O'Neil: I really think the personalization of our healthcare, and really understanding our own DNA at a much more intimate, personal level from an early age, and really guiding our life journey and our health journey through that information is going to be really important. I have two brothers who are in the sport industry, and I'm watching the craziness today that is fantasy sports, like fantasy football and all these things.

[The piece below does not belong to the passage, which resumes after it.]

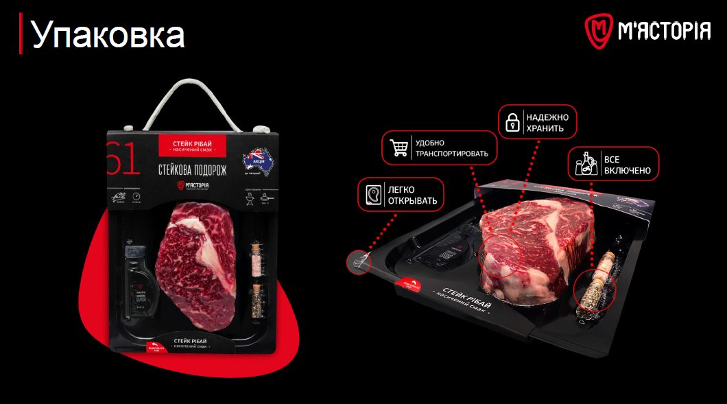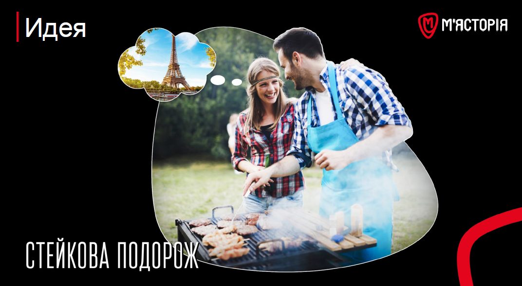 Чтобы выделиться среди конкурентов в ритейле, в М’ясторія взяли линейку самых популярных у покупателей стейков и «привязали» их к конкретным странам (либо по истории происхождения либо по степени популярности в конкретной стране и т.п.). И назвали эту линейку «Стейкова подорож». Чтобы у потребителя возникали сопутствующие эмоции при приготовлении стейков. Например, воспоминания о пребывании в конкретной стране либо мечты о том, как это может быть.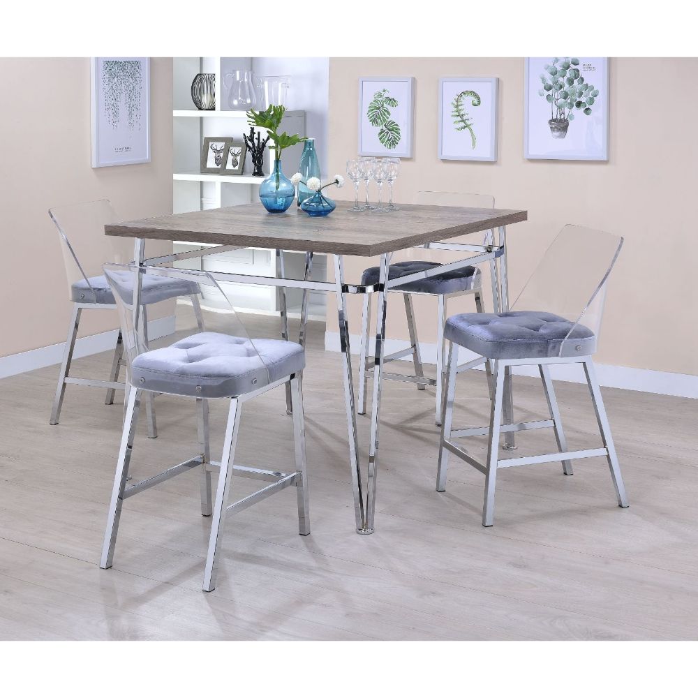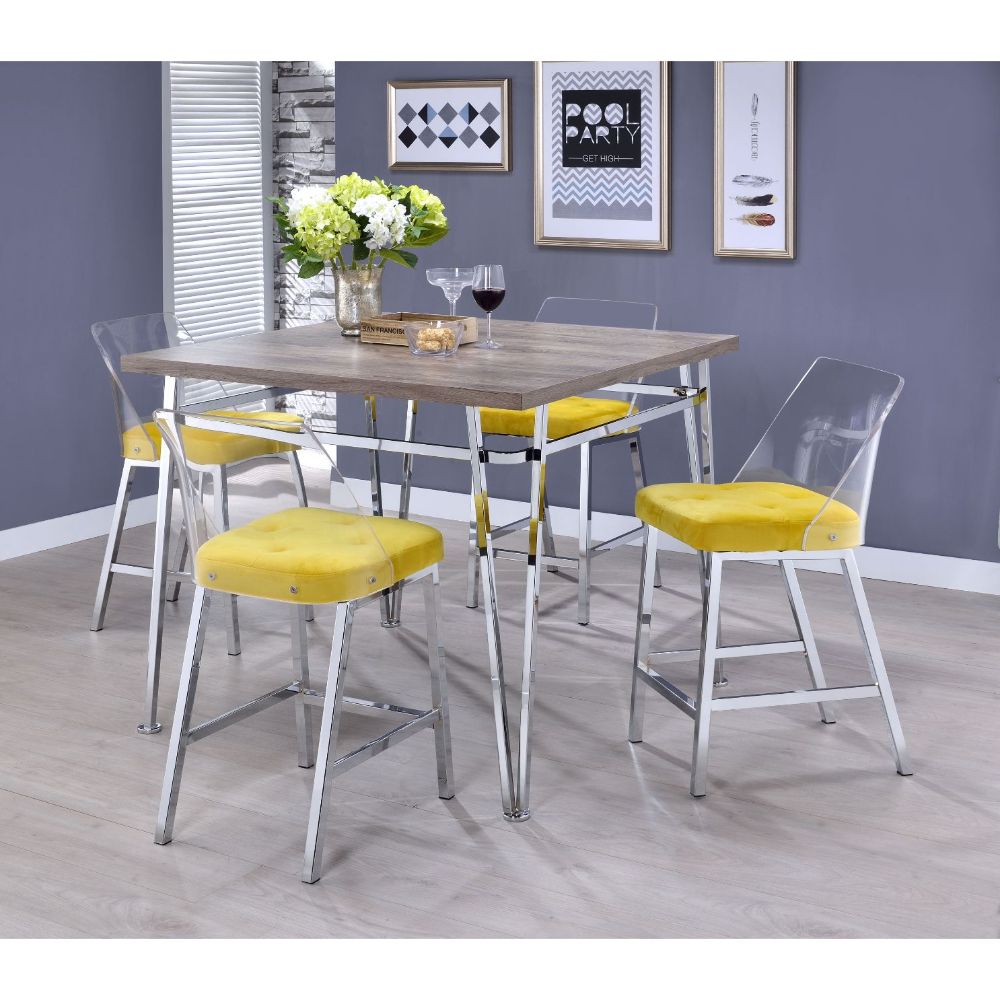 The Nadie II collection has a square counter height table with a contemporary style, merges the beauty of wood and metal to create a casual look. The dining table has a light oak wood veneer top, metal base, and is the perfect table for a small dining room area. Chairs sold separately

My dream and vision is the following: If we can begin to move people to a place where you're paying as much attention to your life journey and your health journey as you are to your fantasy football league roster, imagine the change that we could actually see in the world. Imagine communities of diabetes patients getting healthier, and what that actually results in from a human advancement standpoint.
I know it sounds up in the clouds, and it sounds way out in the future, but I really believe, if we can begin to arm people with personalized information about their health journey, and they actually can pay attention to it, man, we'd see a lot of change in the world that could be really productive.
Harjes: That's an incredible answer. One of the things we were talking about before the show was this engagement with your own health, and you have the information in front of you, your doctor is going to tell you -- you mentioned earlier "a stack of papers you're just going to throw out." It's about sparking that passion for following your healthcare journey, and determining what your goals are and why they matter.
That's what's going to make all the difference.
O'Neil: There's no doubt in my mind, if we can move healthcare from being ailment based to aspirationally based, we'll really change the dialogue. I will tell you one last thing. When you go to a clinic, or a doctor, the first thing on their chart is "chief complaint." I fundamentally think that's the wrong thing to be first on the chart.
Imagine if my doctor knew that the most important thing to me was to not get cancer again because I have two young girls -- I want to make sure I walk down the aisle 10 to 15 years from now. I guarantee you that when he prescribes a diet regimen, or a medication regimen in service of that life goal, not because my arm is aching, I guarantee you I'm more apt to be engaged in that care plan.
To me, that's ultimately what we're trying to do with GetWellNetwork. To get people to move, and take a more active role in their health journey. When we do, the outcomes are killer, and we're having a ball.
Harjes: Folks listening, I would encourage you so much to check out GetWellNetwork. Read up some more about them. It's really an incredible business doing amazing work. Michael, thank you so much for being here. It's been really fun talking to you all day. Folks, thanks for listening. Tune in next week.
O'Neil: Thanks, Kristine. I appreciate it.